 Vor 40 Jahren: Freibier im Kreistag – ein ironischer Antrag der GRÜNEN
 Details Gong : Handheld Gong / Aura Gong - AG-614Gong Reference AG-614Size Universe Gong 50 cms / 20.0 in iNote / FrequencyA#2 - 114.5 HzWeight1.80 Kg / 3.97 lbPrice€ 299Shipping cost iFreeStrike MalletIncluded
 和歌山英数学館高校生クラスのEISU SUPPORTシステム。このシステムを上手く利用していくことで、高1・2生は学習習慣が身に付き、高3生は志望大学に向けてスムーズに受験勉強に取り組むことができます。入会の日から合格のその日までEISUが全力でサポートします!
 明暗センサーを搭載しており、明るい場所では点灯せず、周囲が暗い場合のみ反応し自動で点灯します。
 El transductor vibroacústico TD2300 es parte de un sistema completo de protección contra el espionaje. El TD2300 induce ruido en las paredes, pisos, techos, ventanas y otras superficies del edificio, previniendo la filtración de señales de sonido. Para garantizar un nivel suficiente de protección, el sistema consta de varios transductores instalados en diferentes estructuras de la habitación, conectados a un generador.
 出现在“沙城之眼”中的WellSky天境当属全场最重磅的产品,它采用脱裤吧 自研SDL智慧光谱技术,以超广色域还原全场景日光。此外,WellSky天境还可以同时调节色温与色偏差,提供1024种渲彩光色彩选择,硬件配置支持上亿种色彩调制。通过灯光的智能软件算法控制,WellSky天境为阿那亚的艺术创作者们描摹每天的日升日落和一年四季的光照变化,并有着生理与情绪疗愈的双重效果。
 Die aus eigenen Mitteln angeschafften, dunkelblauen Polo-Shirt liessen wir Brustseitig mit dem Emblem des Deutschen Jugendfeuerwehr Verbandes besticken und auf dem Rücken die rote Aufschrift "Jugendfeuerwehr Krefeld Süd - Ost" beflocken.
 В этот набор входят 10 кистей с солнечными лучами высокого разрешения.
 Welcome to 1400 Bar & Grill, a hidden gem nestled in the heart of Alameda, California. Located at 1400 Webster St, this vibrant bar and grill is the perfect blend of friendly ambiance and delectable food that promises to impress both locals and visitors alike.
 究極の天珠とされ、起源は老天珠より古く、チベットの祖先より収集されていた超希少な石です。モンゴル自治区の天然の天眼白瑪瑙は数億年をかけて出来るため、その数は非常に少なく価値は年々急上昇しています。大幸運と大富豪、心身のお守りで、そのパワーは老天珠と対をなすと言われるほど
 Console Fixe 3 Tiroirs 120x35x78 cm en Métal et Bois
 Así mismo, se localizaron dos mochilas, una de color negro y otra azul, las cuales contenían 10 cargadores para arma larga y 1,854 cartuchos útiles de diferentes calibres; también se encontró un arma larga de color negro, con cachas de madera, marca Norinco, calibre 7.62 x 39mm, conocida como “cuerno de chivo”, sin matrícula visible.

----

> _EXERCISE DIRECTIONS_
Lines from the top of the entries through the line with "Details Gong : Handheld" are to be transcribed exactly, and nothing more.

> _REPLY_
 Vor 40 Jahren: Freibier im Kreistag – ein ironischer Antrag der GRÜNEN
 Details Gong : Handheld Gong / Aura Gong - AG-614Gong Reference AG-614Size Universe Gong 50 cms / 20.0 in iNote / FrequencyA#2 - 114.5 HzWeight1.80 Kg / 3.97 lbPrice€ 299Shipping cost iFreeStrike MalletIncluded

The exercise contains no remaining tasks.